A few weeks ago, amidst about fifty other exhausting things, I made it out of the house one glorious April afternoon to wander the north-campus parks area with my sister-in-law… just coincidentally wearing my dress version of McCall’s M7493.
What version, you ask? Well, I would’ve sworn I blogged about it, but apparently (as happens all too often) I only wrote a draft, even more poorly photographed than usual, to the point where I didn’t have the heart to publish it. If you were following my Instagram (@tanitisis) back in, oh, February, you might have seen some of the terrible selfies. If not, please don’t go dig them up.
A border-embroidered fabric that seemed perfect for a Regency-style dress had come in at work, during that horrific post-New Years juxtaposition where all the stores start getting their spring and summer goods, but we Canadians still have two or three months of winter to deal with. What better way to avoid the reality of winter than a bit of historical fantasy, right? So, I decided to take the plunge and give the dress version of McCall’s M7493 (of Pride & Prejudice & Zombies fame) a go. The dress is not at all well illustrated on the envelope, but the line drawing looked cute. You may recall I made the coat for Syo’s Pride and Prejudice and Zombies costume last Hallowe’en. I am happy to report that the coat goes very well with the dress.
After checking the final measurements, I went with my proper size, 12—in McCall’s I often make a 10 as I tend to like the shoulder fit there better. But I wasn’t too concerned about wide shoulders here—the wider-set the better, really—and the finished measurements given were only 1.5″ design ease. Which is about right in my books.
I actually skipped most of my usual fitting changes. I didn’t shorten the bodice, I didn’t sway back (maybe I should have, not for actual swayback fitting but to give a more authentic line), and given the narrow shoulder I didn’t square that. I did raise the underarm by about 1 cm, to make up for not shortening the bodice, and I stand by that decision.
I did make a few style changes. The most obvious is swapping in a straight sleeve to show off some more of the embroidery. I basically measured the width I would want (my arm + 2″, although I ended up narrowing it by 1/2″, so I guess I shoulda gone with my arm + 1.5″). I measured the length to the highest point, and then freehanded the rest; I wanted the sleeve seam to fall more to the back, although I’m not completely sure that’s correct for single-piece sleeves of the period. The main goal was for one of the spikes of embroidery to come up my arm toward the shoulder, and for the underarm not to be too deep.
To my absolute astonishment, this actually worked. They went in amazingly well, basically first try. Most of the folds in the above pic are from my chemise (which has much wider sleeves) bunching underneath. Probably one could fuss a bit with the rotation, but, after picking my jaw up off the floor, I wasn’t going to mess with anything.
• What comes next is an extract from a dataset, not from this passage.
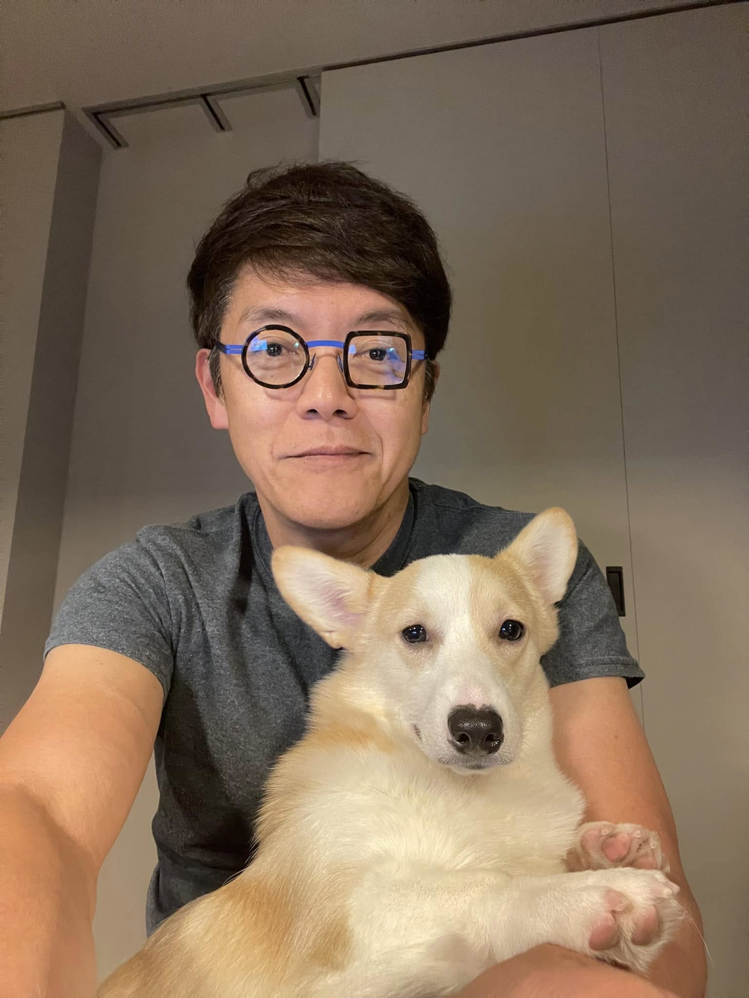 自宅にいるといつも同じ部屋にいます。リビングルームで仕事をしているとすり寄ってくるので抱っこしてパソコンに向かったり(写真)と、犬に振り回されるドッグライフを楽しんでいます。

The armscye is comfortably high and I can raise my arm quite well.
There are a couple of features of the dress that don’t show on the line drawing that I want to mention:
1) The shoulder seam is thrown to the back, as it should be for this period. Yay!
2) the front skirt is “eased” (aka lightly gathered) to the front bodice, which is rather period but also rather, um, enhancing of the five-month-pregnant look that is a frequent byproduct of the era. I wound up ripping off the skirt, smoothing out all gathers in this area (shifting the skirt side seam toward the back in the process ) and focusing all the gathering between the rear princess seams at the back. I’m tempted, looking at the pictures, to rip it off again and move the bodice gathering to centre front, too, but we’ll see how ambitious I get. I still pretty much look pregnant, mind you. But then I often do even in regular clothes, so I won’t fuss too much about that. 😂
Kinda like this one. (Which my Pinterest tells me should be from the Met but the direct link is broken.)
Anyway, other than the looking-pregnant thing (maybe time to finish those white long stays I started before Hallowe’en) and the puffiness of the bodice gathers, there are two medium-grade issues:
1) “Waistline” dips towards the back. Emphasized, no doubt, by my tilted torso, the back looks distinctly longer than the front. Period tendency is for the back to ride higher, like a bra that sags down in front. 😉 although the side-view of the same dress as above shows a slight dip to the rear.
2) the straight-hem problem. Because the embroidered hem is of necessity straight, while the pattern piece curved, the centre-front of the skirt is distinctly shorter, to the point where it shows a couple of inches of my petticoat.
I was planning on making a different petticoat for this one anyway, and I knew the skirt would do that, so I’m not overly bothered, but there it is. Other petticoat is made and is short enough. Which means I have two different Regency petticoats, and only one Regency dress.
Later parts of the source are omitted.